In the opening poem, “How to Leave Things Behind Without Even Trying”, the speaker talks about leaving his laptop at an airport and is aghast at how this could be accomplished given its significance in his life. This is then juxtaposed with his boyfriend’s exit from his life and the way in which the apartment was cleaned and staged as if he had never been there at all. The speaker struggles with both losses, trying to interpret their meaning in an effort to understand their absence, but he rightly says, “you wait to learn//anything about what was lost./You wait for the phone call,//which only comes if you’ll be/happily reunited.//” (pg. 8)
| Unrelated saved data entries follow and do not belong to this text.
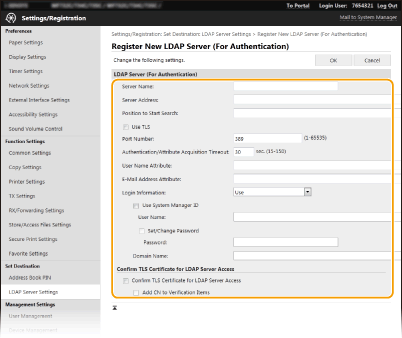 Die LDAP-Server-Registrierung muss separat entweder für die Suche oder für die Authentifizierung durchgeführt werden. Um einen LDAP-Server für die Suche nach Fax- und E-Mail-Zielen zu verwenden, registrieren Sie ihn für die Suche, und um ihn zum Authentifizieren des Versendens von E-Mails oder Faxen zu verwenden, registrieren Sie ihn für die Authentifizierung.
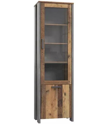 MEUBLETMOI Vitrine 2 portes et 6 niches effet bois vieilli et béton gris - BUCK
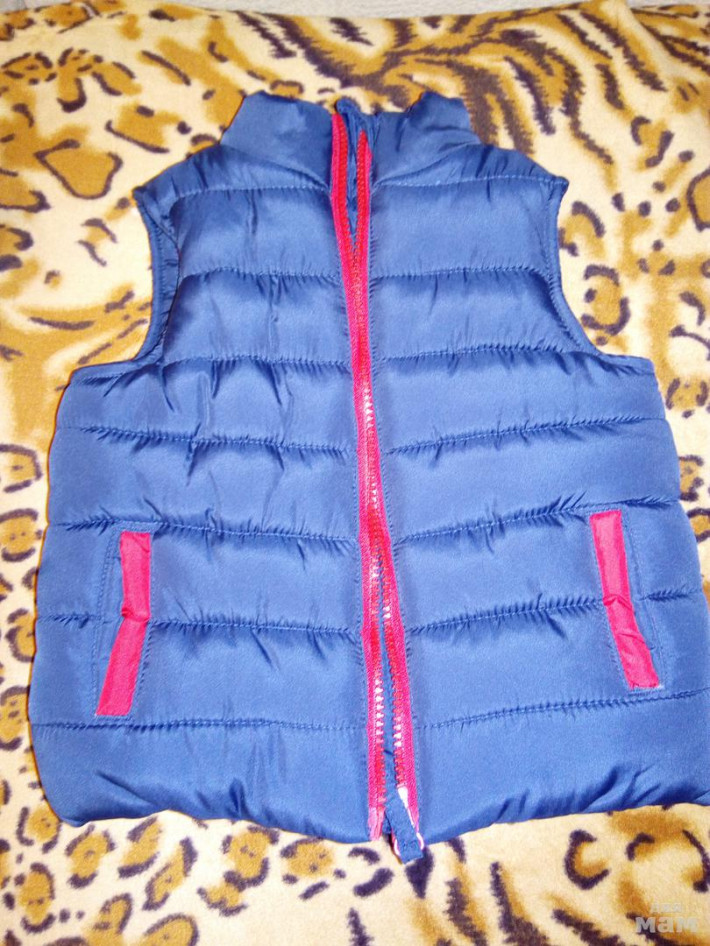 Новая жилетка, но без бирок. Подарили зимой, весной будет мала. Хорошая фирма, качество. Указан размер 12-18 мес, но сильно маломерит. По хорошему месяцев на 6. Покупалась намного дороже. Цвет синий, отделка и подкладка красные. Подойдет и мальчику и девочке.
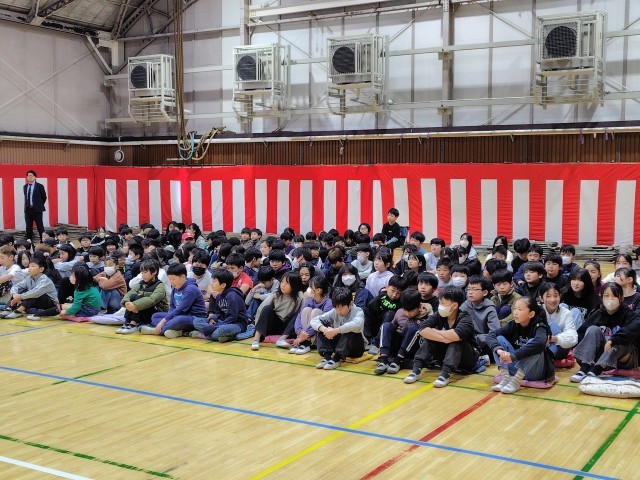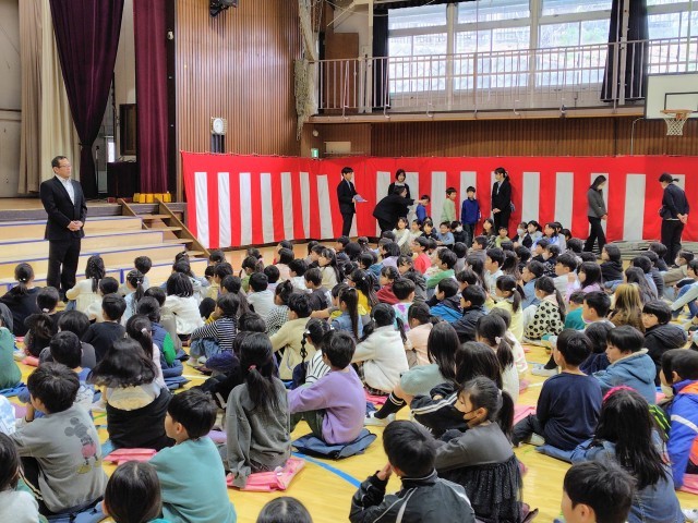 体育館で修了式を行います。全校児童が集まりましたが、昨日卒業式を終えた6年生たちはもういません。やっぱりさみしい思いがします。
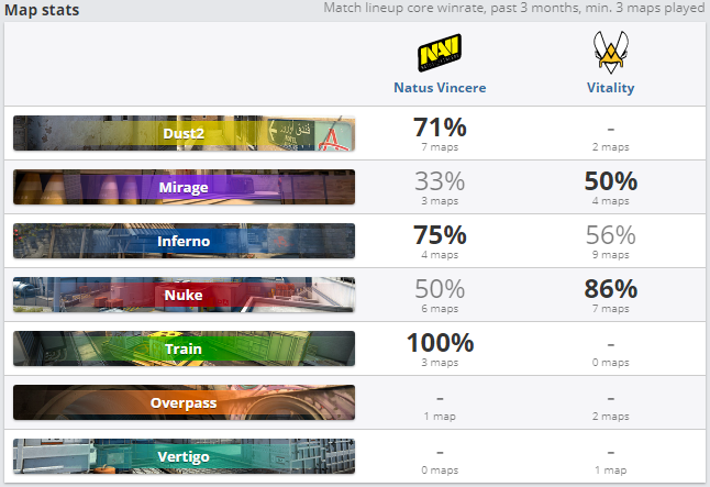 Статистика маппула больше склоняется в сторону NAVI. Но сильных карт у команд не так много, поэтому один из матчей вполне может пройти на какой-то нейтральной карте типа overpass или vertigo.

There are several poems in which the speaker is taking selfies with beloved literary and pop culture icons from Miss Havisham in Great Expectations to Molly Jensen from Ghost. In each of these poems, Jensen unravels the inner mysteries of loss felt by each of these characters. Havisham’s sadness over lost love is really her belief in true love and that caged birds set free will return but, in the meantime, she’s left wondering who she is without that caged bird to love and protect. The loss of an affair leads Alex in Fatal Attraction to extremes, but even if you don’t go to those extremes after a break-up, you can certainly understand where they come from.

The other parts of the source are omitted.